Open source stealth video game

The Dark Mod is a free and open-source software first-person stealth video game, inspired by the Thief series by Looking Glass Studios. The game provides the basic framework and tools (engine, assets, models, and editor) for more than 190 fan-made missions, including several multi-mission campaigns. The Dark Mod was founded by David Massey and first released in 2009 as a total conversion mod for Doom 3. Version 2.0 was released in October 2013 as a standalone game using the open-source id Tech 4 game engine.

== Gameplay ==
The Dark Mod takes place in a classic gothic steampunk world. This includes a crossover of elements of fantasy, the Late Middle Ages, the Victorian era and the Industrial Revolution. Although set in a very similar world to that of the original Thief series, the mod does not use any of the original Thief intellectual property.

The player is an agile thief in a hostile world. He has to use his equipment and the environment to avoid guards, traps, creatures or other threats. His equipment includes a blackjack, water arrows, holy water, flashbombs, mines, and more. Since the player has only a limited fighting capability, he is supposed to sneak and hide in dark, mostly avoiding combat. The plot and mission goals are set by the author of the fan mission or campaign.

Gameplay from 2024 map The Imperial Sword

== Development ==
The Dark Mod was originally released as a total conversion modification for Doom 3, but with the release of version 2.0 it became completely standalone on the id Tech 4 game engine.

The mod was originally developed as a toolkit. It includes models, sounds, AI, art, tools, and a specialised editor for users to create custom missions. The development of the mod started in 2004, and the first Beta was released in 2008, along with its first mission. In October 2009, v 1.0 was released. In October 2013 version 2.0 was released as a standalone game that included two missions created by the development team.

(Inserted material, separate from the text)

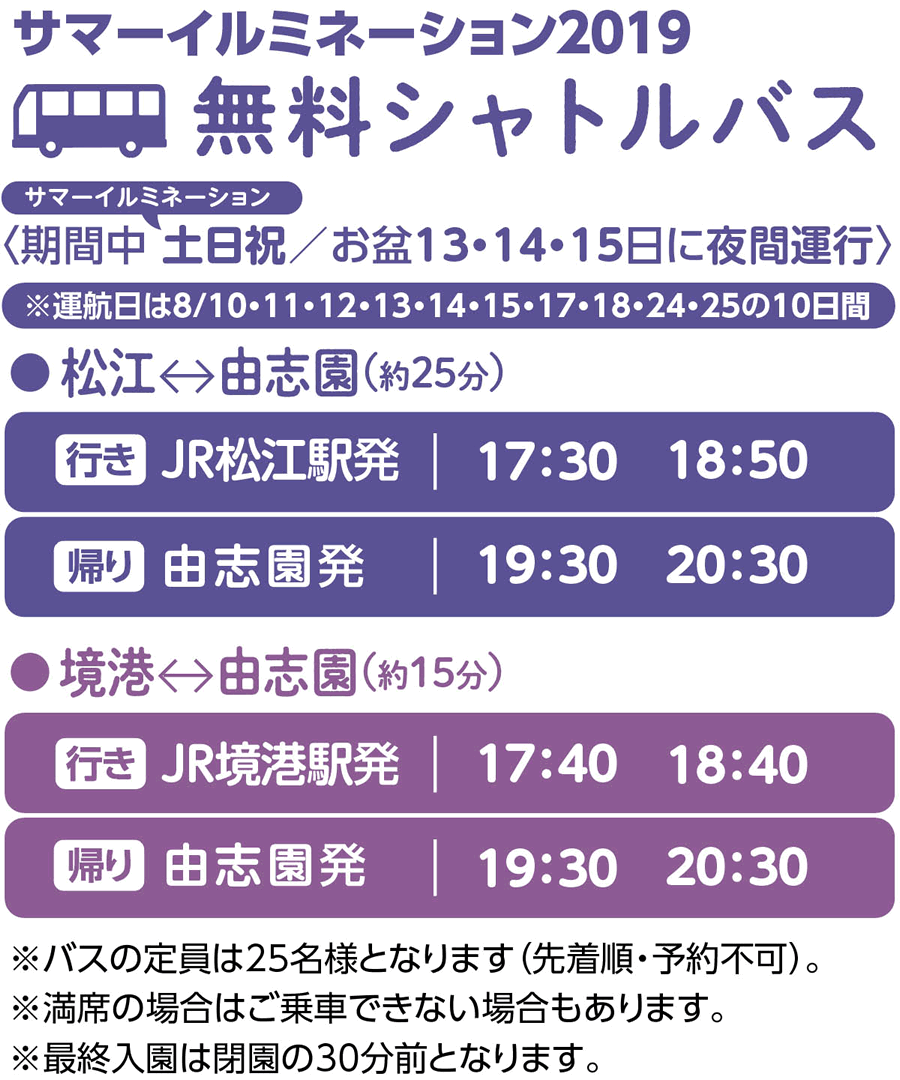 | 松江駅発時間(約25分) | 17:30、18:50 / 由志園発時間は19:30、20:30 |

The Dark Mod 2.06 includes code from the dhewm3 fork of the id Tech 4 game engine that was ported to 64-bit, etc.

== Licenses ==
The game's source code is licensed under both the GNU General Public License 3 and the revised BSD license. Additional software libraries are released under various licenses. The missions are property of the respective authors. Many non-software components are released under the Creative Commons BY-NC-SA.

== Reception ==
The Dark Mod has been featured and reviewed by a number of major game magazines, websites and blogs. Examples include the Dutch magazine PC Game Play, the blog Kotaku, the British magazine PC Gamer, the German magazines PC Games and GameStar, as well as the British gaming website Rock, Paper, Shotgun.

After going standalone the project received additional substantial coverage from Destructoid and Joystiq.

The Dark Mod won PC Gamer UK's Game of the Year award (mod category) for 2013, and has been distributed on several magazine cover DVDs. In 2014 The Dark Mod was named by PCGamer among the "Ten top fan remade classics you can play for free right now".
In 2016, The Dark Mod was ranked as #2 in "The 50 best free PC games" list by PC Gamer. The Dark Mod was also ranked in the top ten open source video games by The Gamer.